- [Work instructions]
From the first line of the data below through the line bearing "Alameda-Light Grey Leather Sliding Sofa", reproduce each line exactly; do not include pictures.

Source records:
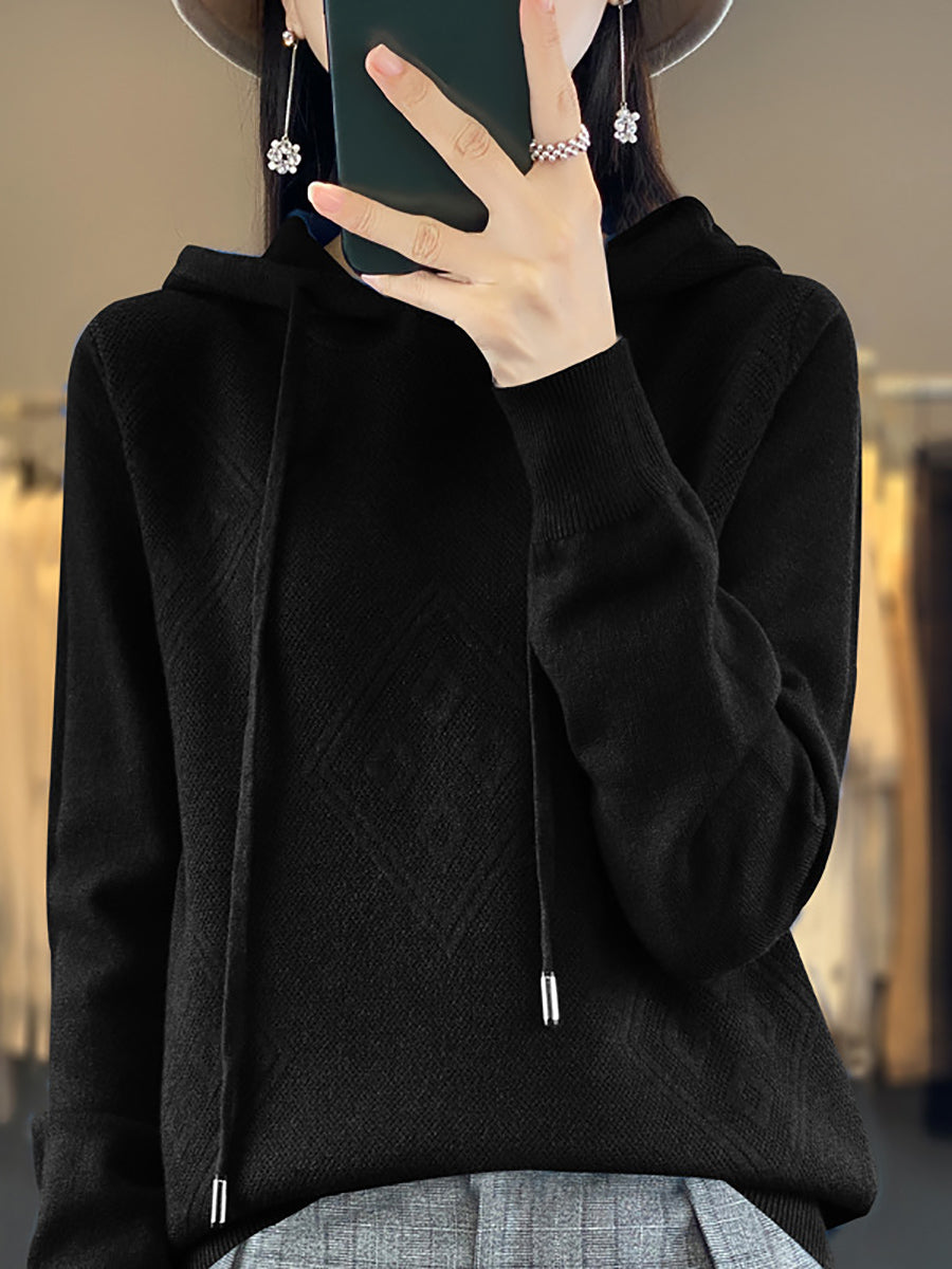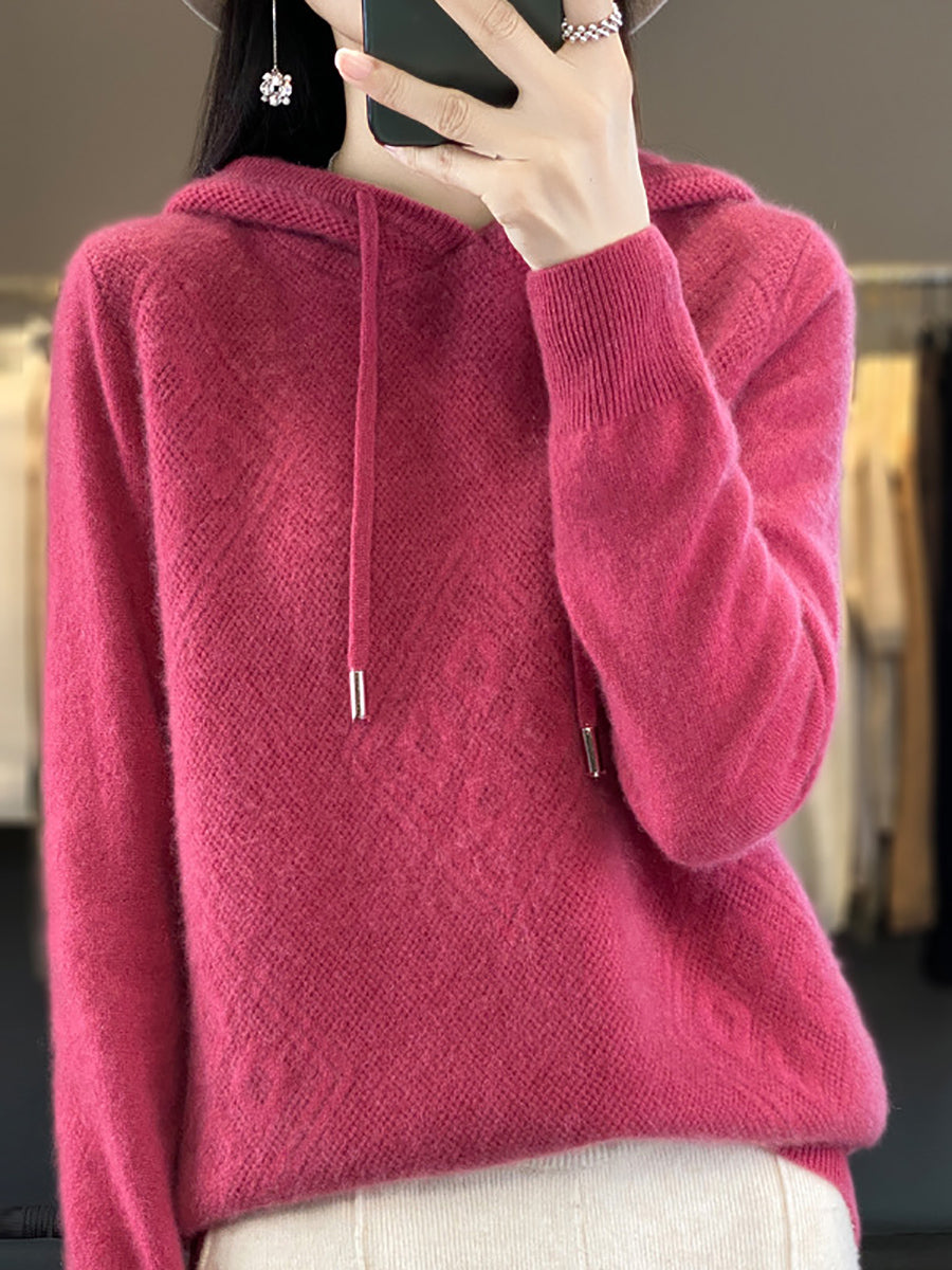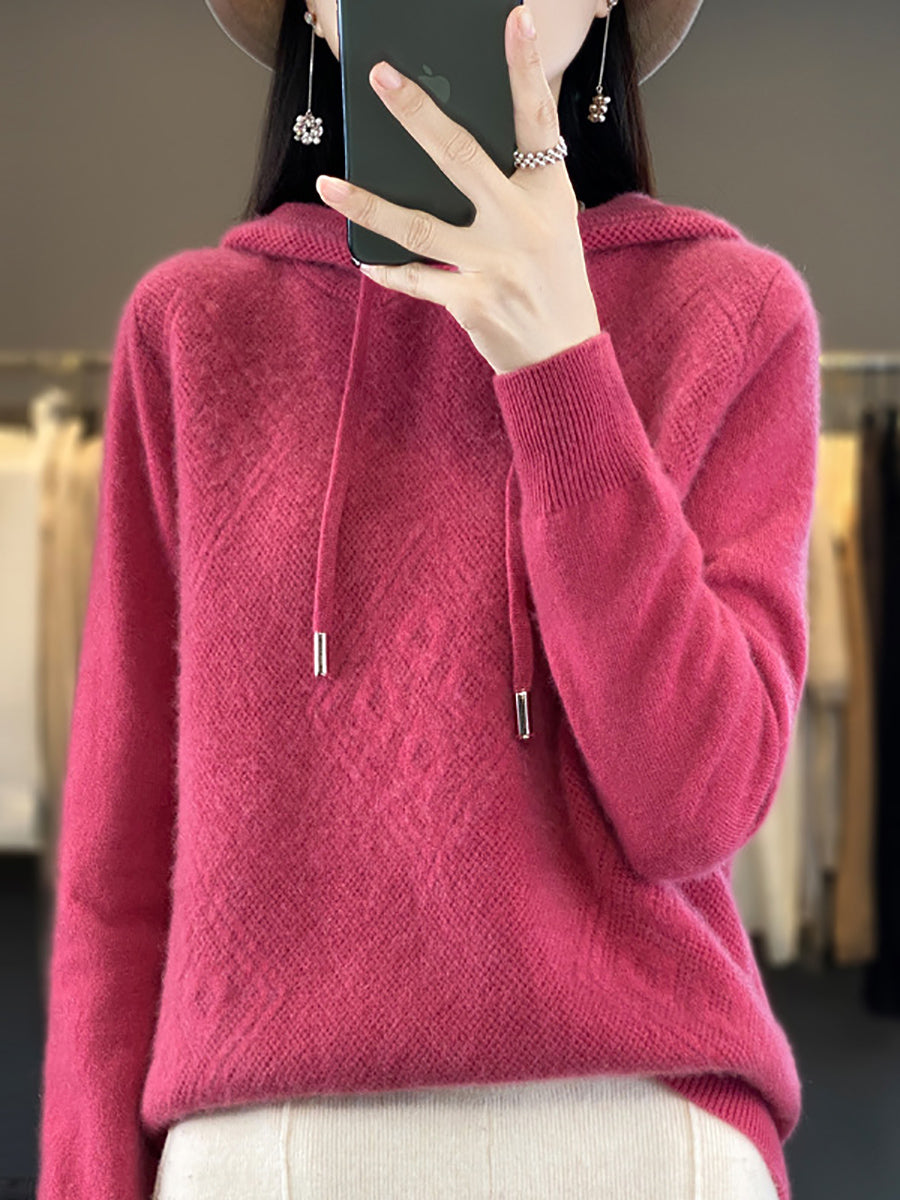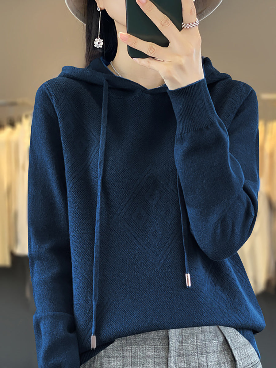 Suéter de lana de punto con capucha y romboides de invierno para mujer
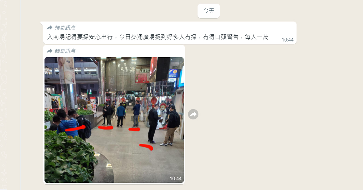 2月12日早上,在WhatsApp收到長輩傳來一則信息:「入商場記得要掃安心出行,今日葵涌廣場捉到好多人冇掃,冇得口頭警告,每人一萬」。不久,再有其他人傳來相同訊息,而社交媒體又流傳進入商場已經要掃安心出行,一時間,流言滿天飛。
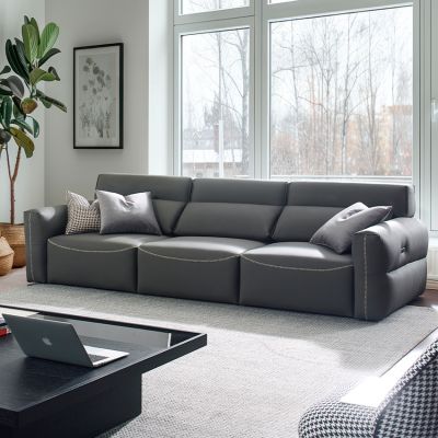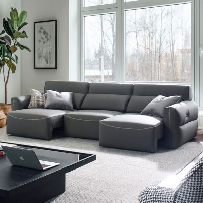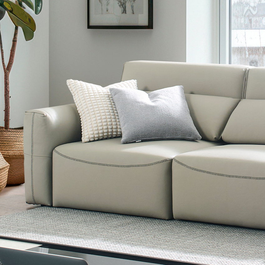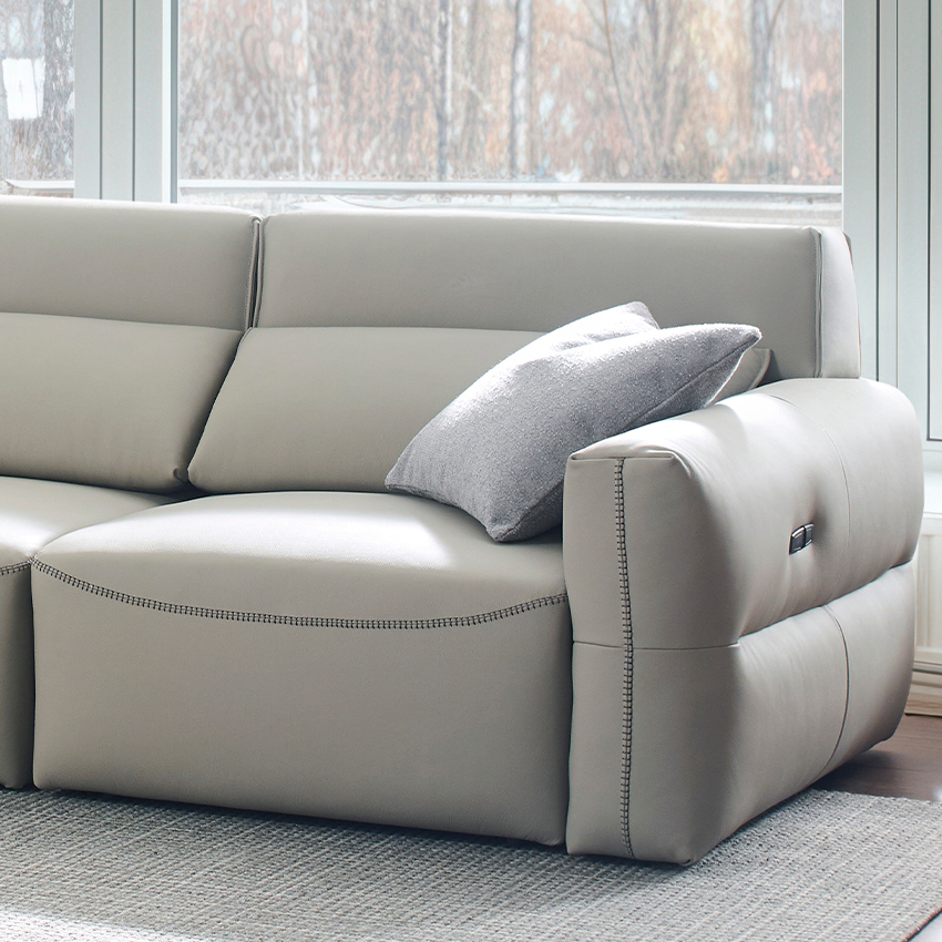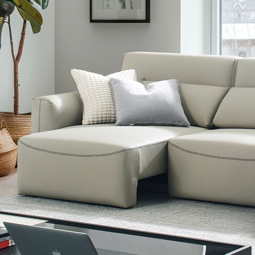 Alameda-Light Grey Leather Sliding Sofa
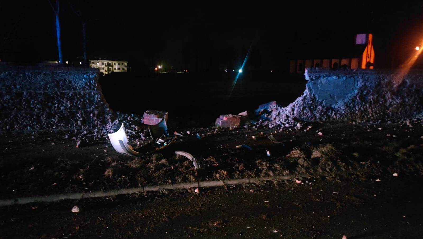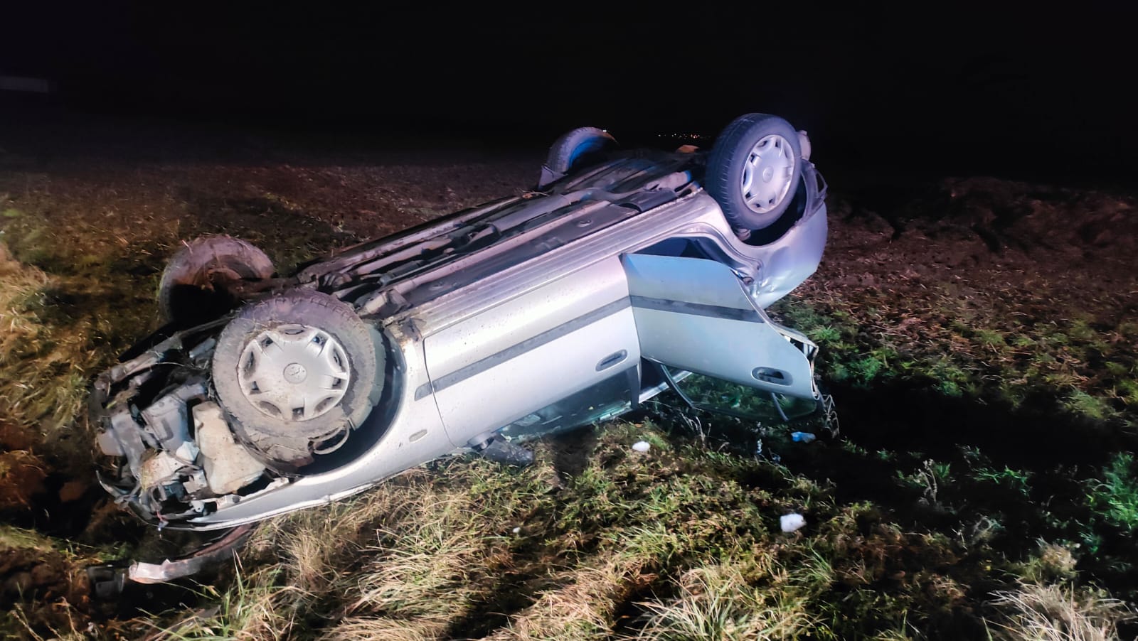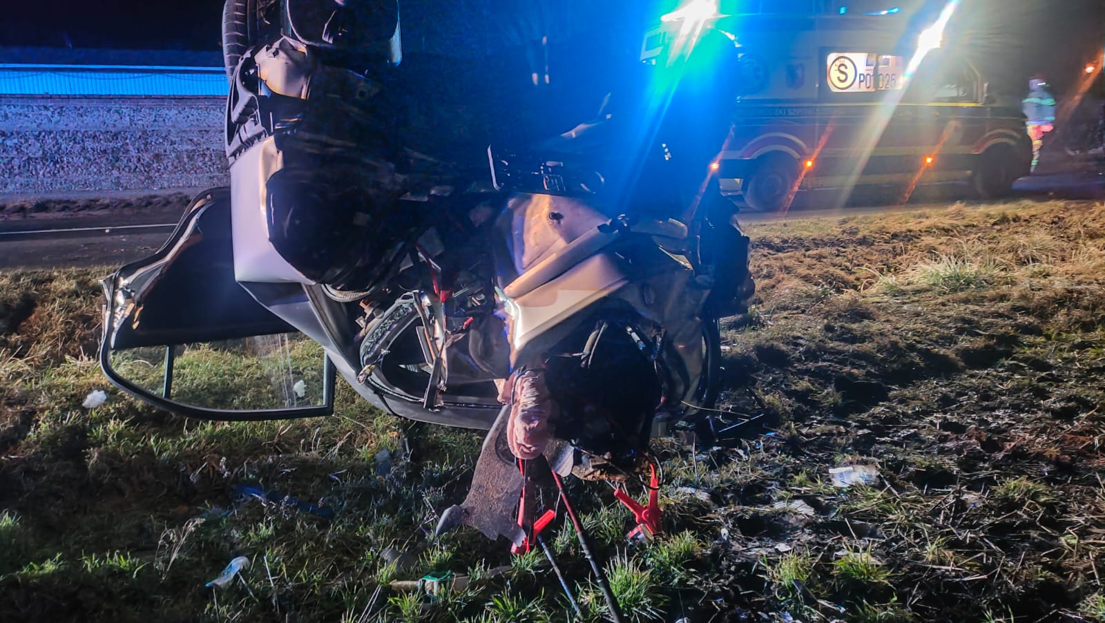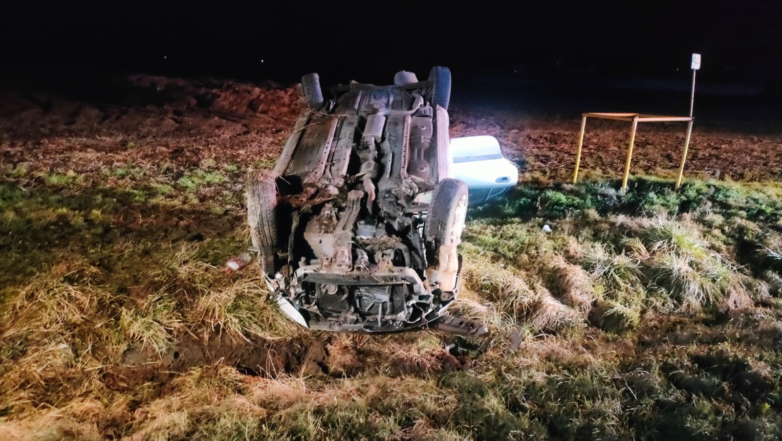 Do drugiego zdarzenia doszło o 21:15. Na drodze DP4803 w miejscowości Kłoda Mitsubishi Carisma, którym podróżował 22-latek oraz o kilka lat starszy mężczyzna, uderzył w mur i dachował na pobliskim polu. Obie osoby zostały uwięzione, dlatego przy użyciu sprzętu hydraulicznego wykonano dostęp do poszkodowanych. Obie osoby wymagały hospitalizacji.
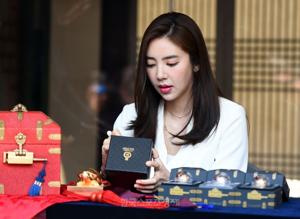 [한국스포츠경제=임민환 기자] 가수 겸 배우 손담비가 3일 오전 서울 종로구 와룡동 창경궁에서 열린 조선 어보 기념메달 시리즈 3차 '정조효손은인' 공개 행사에 참석해 기념메달 케이스에 사인하고 있다.
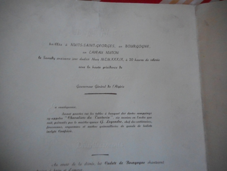 Grand menu illustré sur papier lourd, 4 pages au format 23x28 cm. Très bon état.
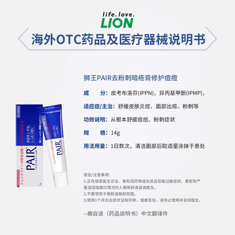 📚 日本原装LION狮王祛痘膏PAIR可渗透缓解炎症治疗面部出痘粉刺14g
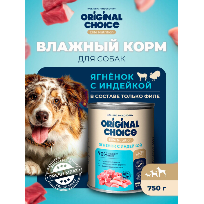 Original Choice Elite Nutrition Adult влажный корм для собак всех пород, ягненок с индейкой.
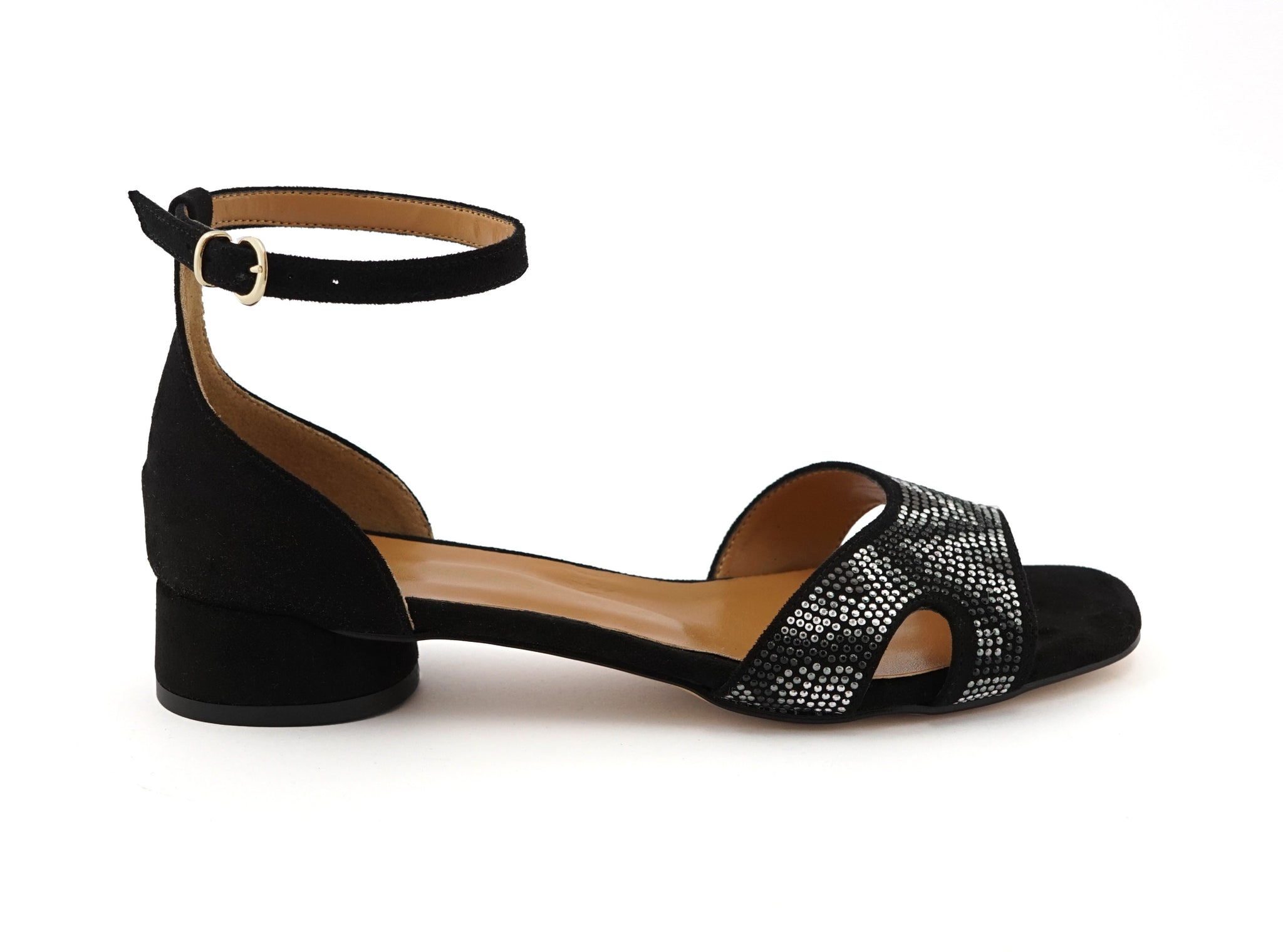 Model with adjustable ankle strap and closed heel

- [Written response]
 Suéter de lana de punto con capucha y romboides de invierno para mujer
 2月12日早上,在WhatsApp收到長輩傳來一則信息:「入商場記得要掃安心出行,今日葵涌廣場捉到好多人冇掃,冇得口頭警告,每人一萬」。不久,再有其他人傳來相同訊息,而社交媒體又流傳進入商場已經要掃安心出行,一時間,流言滿天飛。
 Alameda-Light Grey Leather Sliding Sofa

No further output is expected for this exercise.